Task brief –
From the data below, repeat exactly the lines from the line with "Vĩnh Long |" to the line with "10. 就在东京电影节余震未消之际,郝蕾的一则朋友圈再度点燃战火。", both included.

Task input –

##############################

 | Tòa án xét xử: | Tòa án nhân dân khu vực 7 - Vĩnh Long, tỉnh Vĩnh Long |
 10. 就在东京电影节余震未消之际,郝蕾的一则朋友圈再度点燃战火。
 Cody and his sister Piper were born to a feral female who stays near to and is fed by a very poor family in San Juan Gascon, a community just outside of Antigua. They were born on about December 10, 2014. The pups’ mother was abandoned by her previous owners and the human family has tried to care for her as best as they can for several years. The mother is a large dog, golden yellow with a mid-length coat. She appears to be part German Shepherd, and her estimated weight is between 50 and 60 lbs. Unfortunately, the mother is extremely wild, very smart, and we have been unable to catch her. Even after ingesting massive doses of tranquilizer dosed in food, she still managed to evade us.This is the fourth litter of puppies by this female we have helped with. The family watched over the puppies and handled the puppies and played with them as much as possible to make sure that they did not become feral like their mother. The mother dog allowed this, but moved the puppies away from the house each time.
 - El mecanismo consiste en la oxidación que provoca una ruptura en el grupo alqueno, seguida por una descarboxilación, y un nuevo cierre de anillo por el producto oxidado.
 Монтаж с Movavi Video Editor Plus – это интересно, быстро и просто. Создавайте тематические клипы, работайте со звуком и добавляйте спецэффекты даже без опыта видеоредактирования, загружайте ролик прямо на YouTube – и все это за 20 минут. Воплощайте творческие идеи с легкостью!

##############################

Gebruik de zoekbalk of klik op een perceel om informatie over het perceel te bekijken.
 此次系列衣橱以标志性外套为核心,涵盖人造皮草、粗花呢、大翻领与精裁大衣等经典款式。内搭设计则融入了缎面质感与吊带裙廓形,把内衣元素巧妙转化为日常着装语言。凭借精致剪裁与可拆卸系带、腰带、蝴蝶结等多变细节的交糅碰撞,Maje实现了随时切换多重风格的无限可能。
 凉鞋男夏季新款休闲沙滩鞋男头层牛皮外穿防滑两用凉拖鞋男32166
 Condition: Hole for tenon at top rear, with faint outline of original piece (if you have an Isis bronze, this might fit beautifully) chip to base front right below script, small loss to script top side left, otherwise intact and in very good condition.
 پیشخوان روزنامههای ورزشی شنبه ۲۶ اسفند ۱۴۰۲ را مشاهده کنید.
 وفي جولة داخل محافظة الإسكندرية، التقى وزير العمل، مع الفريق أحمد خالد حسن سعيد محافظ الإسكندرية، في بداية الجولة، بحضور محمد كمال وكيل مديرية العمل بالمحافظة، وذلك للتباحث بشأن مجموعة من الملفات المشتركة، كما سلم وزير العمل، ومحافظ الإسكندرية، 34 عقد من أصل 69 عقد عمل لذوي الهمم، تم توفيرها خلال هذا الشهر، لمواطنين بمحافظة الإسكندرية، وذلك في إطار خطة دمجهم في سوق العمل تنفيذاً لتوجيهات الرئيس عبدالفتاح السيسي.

##############################

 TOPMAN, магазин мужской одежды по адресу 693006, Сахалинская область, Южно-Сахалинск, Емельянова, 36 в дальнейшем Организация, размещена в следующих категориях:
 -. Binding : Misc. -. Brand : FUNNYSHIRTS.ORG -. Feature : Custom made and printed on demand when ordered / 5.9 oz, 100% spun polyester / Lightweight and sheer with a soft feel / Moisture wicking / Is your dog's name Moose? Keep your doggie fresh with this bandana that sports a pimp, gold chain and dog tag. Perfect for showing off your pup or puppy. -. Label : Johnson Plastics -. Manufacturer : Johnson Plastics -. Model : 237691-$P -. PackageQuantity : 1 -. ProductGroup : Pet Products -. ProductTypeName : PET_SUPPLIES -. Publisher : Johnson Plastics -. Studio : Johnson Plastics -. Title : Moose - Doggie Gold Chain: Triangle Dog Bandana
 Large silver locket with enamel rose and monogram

##############################

Solution to this task –
 | Tòa án xét xử: | Tòa án nhân dân khu vực 7 - Vĩnh Long, tỉnh Vĩnh Long |
 10. 就在东京电影节余震未消之际,郝蕾的一则朋友圈再度点燃战火。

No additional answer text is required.